Following our vertical segmentation approach, we are able to discriminate cytoskeleton contribution to the overall cellular mechanics. The use of drugs supports our hypothesis that at low indentation loads we actually probe mainly the bending of the tensed PM. The three-fold difference observed between the Young's modulus values at low loads for healthy and spherocytosis cells (∼10 kPa for hRBCs vs. ∼30 kPa for sRBCs; see Fig. 3M and N) could originate from structural differences between the PMs of healthy and pathological cells.47,51 The increased line tension of the lipid bilayer in spherocytes could lead to the formation of dimples of lipid domains to liberate tension.52

AFM multiparametric imaging reveals nanoscale structural and mechanical heterogeneities at the RBC surface

Multiparametric imaging was used with the goal to reveal nanoscale topographical and mechanical heterogeneities on the surface of hRBCs and sRBCs. As can be observed in Fig. 4 and 5, while raw height images showed featureless surfaces, deconvoluted height images revealed numerous submicrometric (∼200 nm) and sub-100 nm protrusions with heights ranging between 5–100 nm for both hRBCS and sRBCs. These heterogeneities were correlated with local minima (Fig. 4B, C, N and O) or local maxima (Fig. 4E, F, H, I, K, L, Q and R) areas in Young's modulus maps. We found these protrusions to have similar morphological and nanomechanical properties on hRBCs and sRBCs. To gain further insights into the intrinsic mechanical properties of RBC membrane domains, we selected two representative images displaying sub-100 nm domains (Fig. 5A and D) and we quantitatively analyzed their domain sizes (Fig. 5B and E) and Young's moduli (Fig. 5C and F) (for further details see Fig. S3 (ESI) and Methods). Our analysis revealed that these protrusions have heights between 5–20 nm (Fig. 5G) and appear as either local maxima or minima, independently from the region of the cell where they are found.
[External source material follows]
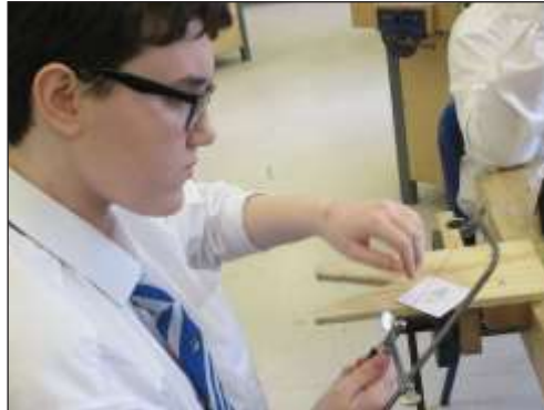
SKILLED: Having created a template, it was now time to cut it out

Height and Young's modulus values for each of these domains were plotted and revealed a homogeneous distribution around cell average Young's modulus (Fig. 5H). We hypothesize that such heterogeneities are lipid-enriched domains, with or without recruited membrane proteins. Their mechanical properties will depend both on the specific composition of lipids, as well as on the global organization of the PM and the underlying cytoskeleton and could serve as reservoir for the generation of positive or negative curvature to navigate through human microcirculation vessels and through the pores during spleen filtration.
image file: c7nh00187h-f4.tif
Fig. 4 Nanoscale and submicrometric heterogeneities observed on the surface of RBCs. Healthy RBCs are presented in the left panel and spherocytes in the right panel. For each condition, 3 cells are represented and the first column shows the FD-based AFM height images (A, D, G, J, M and P), with the corresponding deconvoluted image (B, E, H, K, N and Q) and the Young's modulus map at medium load (C, F, I, L, O and R). The data are representative of 3 healthy donors and 3 patients with HS. Arrows highlight lateral heterogeneities. A total of 15 cells per condition were analyzed during 6 independent experiments.

image file: c7nh00187h-f5.tif
Fig. 5 High-resolution FD-based AFM multiparametric images reveal fine structures of the cell membrane. Comparison of hRBCs (first row) and sRBCs (second row). (A and D) FD-based AFM height images and (B and E) corresponding deconvoluted images. (C and F) Young's modulus images at medium load. Several sub-100 nm in diameter domains exhibiting mechanical heterogeneities as shown in the Young's modulus maps are indicated by arrows. (G) Height histograms of protrusions extracted from deconvoluted height images (B and C) show that they protrude between 5–20 nm away from the membrane surface on both healthy cells and spherocytes. (H) Dependency of Young's modulus on the height of the nanoscale domains showing that their Young's moduli distribution is centered around the average cell Young's modulus (32.4 kPa for hRBCs and 294 kPa for sRBCs). The data are representative of 3 healthy donors and 3 patients with HS. Arrows highlight lateral heterogeneities. A total of 15 cells were analyzed during 6 independent experiments.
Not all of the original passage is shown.